Liu Bing, de la Fuente Alberto, Hoeschele Ina
Department of Statistics, Virginia Polytechnic Institute and State University, Blacksburg, Virginia 24061-0477, USA.
Genetics. 2008 Mar;178(3):1763-76. doi: 10.1534/genetics.107.080069. Epub 2008 Feb 3.
Our goal is gene network inference in genetical genomics or systems genetics experiments. For species where sequence information is available, we first perform expression quantitative trait locus (eQTL) mapping by jointly utilizing cis-, cis-trans-, and trans-regulation. After using local structural models to identify regulator-target pairs for each eQTL, we construct an encompassing directed network (EDN) by assembling all retained regulator-target relationships. The EDN has nodes corresponding to expressed genes and eQTL and directed edges from eQTL to cis-regulated target genes, from cis-regulated genes to cis-trans-regulated target genes, from trans-regulator genes to target genes, and from trans-eQTL to target genes. For network inference within the strongly constrained search space defined by the EDN, we propose structural equation modeling (SEM), because it can model cyclic networks and the EDN indeed contains feedback relationships. On the basis of a factorization of the likelihood and the constrained search space, our SEM algorithm infers networks involving several hundred genes and eQTL. Structure inference is based on a penalized likelihood ratio and an adaptation of Occam's window model selection. The SEM algorithm was evaluated using data simulated with nonlinear ordinary differential equations and known cyclic network topologies and was applied to a real yeast data set.

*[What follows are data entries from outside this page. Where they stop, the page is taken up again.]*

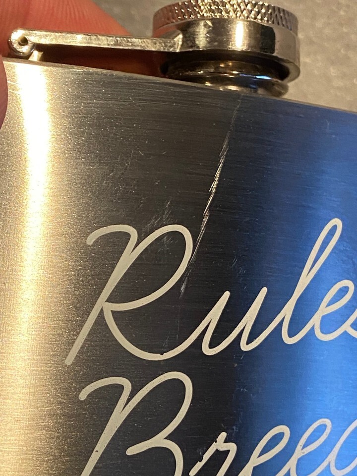 6oz Stainless Steel 4.25" Flask Says: RULES BREED REBELS *Pre-Owned/Nice* i2
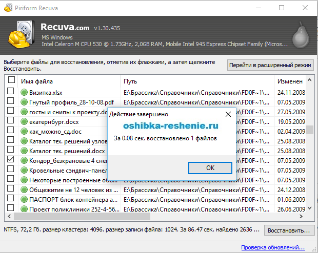 | Восстановление документов, фотографий, видео музыки и электронной почты. | |
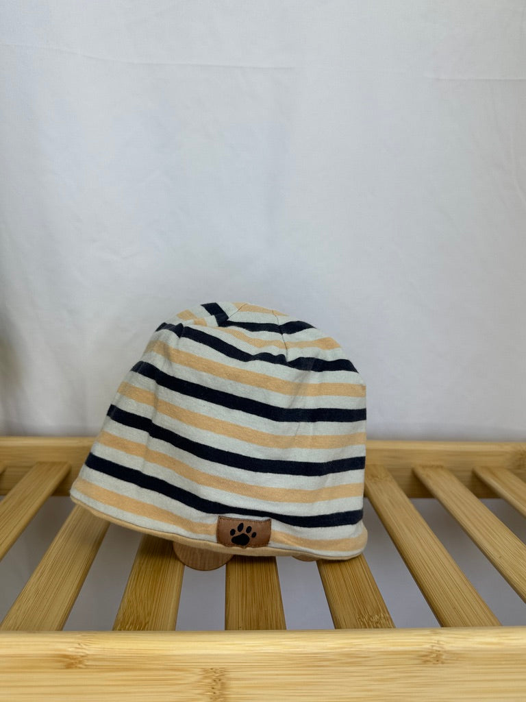 Pruhovaná čepice ve velikosti 74/80 je stylovým a praktickým doplňkem pro malé děti. Čepice je vyrobena z měkkého materiálu, který zajišťuje pohodlí při nošení. Design tvoří jemné pruhy v béžové, černé a bílé barvě, které dodávají moderní vzhled. Na přední straně je malá nášivka s motivem tlapky. Čepice je ideální pro chladnější dny.
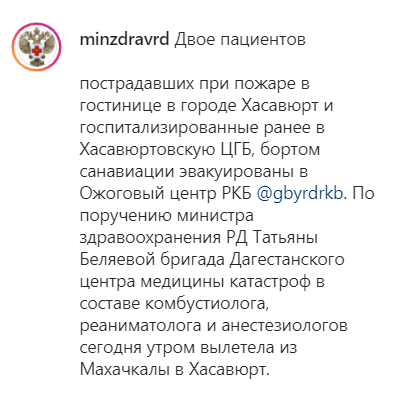 Крайне тяжелое состояние еще одного пострадавшего с ожогом 100% поверхности тела не позволило транспортировать его из медучреждения, он продолжил лечение в хасавюртовской больнице, говорится в сообщении министерства.
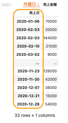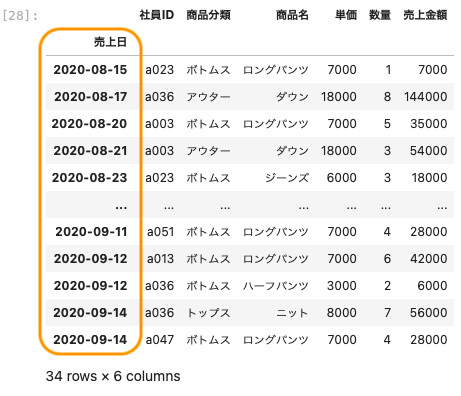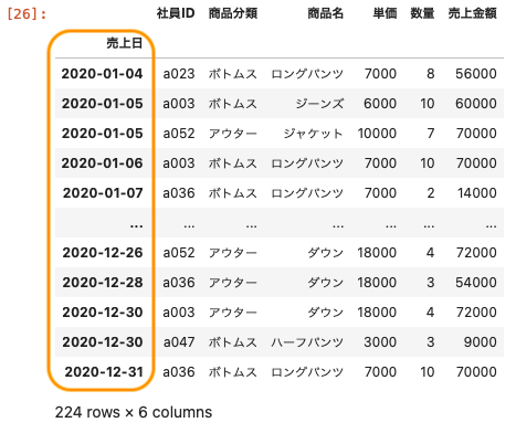 df [ ‘ 売上日 ‘ ]
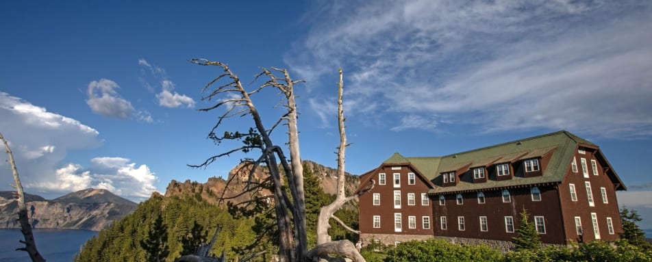 Crater Lake Lodge overlooks the lake at Rim Village, offering unbeatable views of the lake. Sitting 1,000-feet above the lake on the edge of the caldera, although the property was rebuilt in 1995, the lodge offers the warm welcome and the period charm of a bygone era. The Great Hall boasts an impressive fireplace, historic rustic charm and is the ideal spot to relax with a drink, play a game and make new friends.
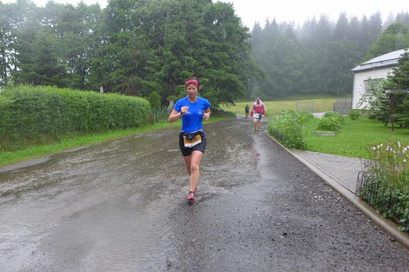 8:30 Uhr: Auf 700 Höhenmetern lag inzwischen der Kurs und am Wechselpunkt der Glasbachwiese hatte Jana den Chip für die Zeitmessung bereits an ihren zweiten Staffelläufer übergeben. „So einen heftigen Dauerregen hatten wir noch nie!“, versuchten sich die Helfer für das Wetter zu entschuldigen. Na toll, arbeitete es in Sabines Kopf und ausgerechnet in diesem Jahr musste sie den Thüringen Ultra ausprobieren? Mit müden Beinen resümierte Jens-Uwe: „Puh, ich bin ja jetzt schon fertig!“ Ein Ausruf, den Sabine lieber nicht gehört hätte, denn nun braute sich langsam ein Szenario zusammen, dass beinahe den ganzen Ausflug beendet hätte. „Fahr doch vor zum Wechsel und ruhe dich aus für die Laufstrecke, ich komme schon alleine klar!“ Aber Sabine wurde ihren Jens-Uwe nicht los.

我们的目标是在遗传基因组学或系统遗传学实验中进行基因网络推断。对于有序列信息可用的物种,我们首先通过联合利用顺式、顺式-反式和反式调控来进行表达定量性状位点(eQTL)定位。在使用局部结构模型识别每个eQTL的调控因子-靶标对之后,我们通过组装所有保留的调控因子-靶标关系来构建一个包含性的有向网络(EDN)。EDN具有对应于表达基因和eQTL的节点,以及从eQTL到顺式调控靶基因、从顺式调控基因到顺式-反式调控靶基因、从反式调控基因到靶基因、从反式eQTL到靶基因的有向边。对于在EDN定义的强约束搜索空间内进行网络推断,我们提出了结构方程模型(SEM),因为它可以对循环网络进行建模,而EDN确实包含反馈关系。基于似然分解和约束搜索空间,我们的SEM算法可以推断涉及数百个基因和eQTL的网络。结构推断基于惩罚似然比和奥卡姆窗口模型选择的一种变体。使用非线性常微分方程模拟的数据和已知的循环网络拓扑结构对SEM算法进行了评估,并将其应用于一个真实的酵母数据集。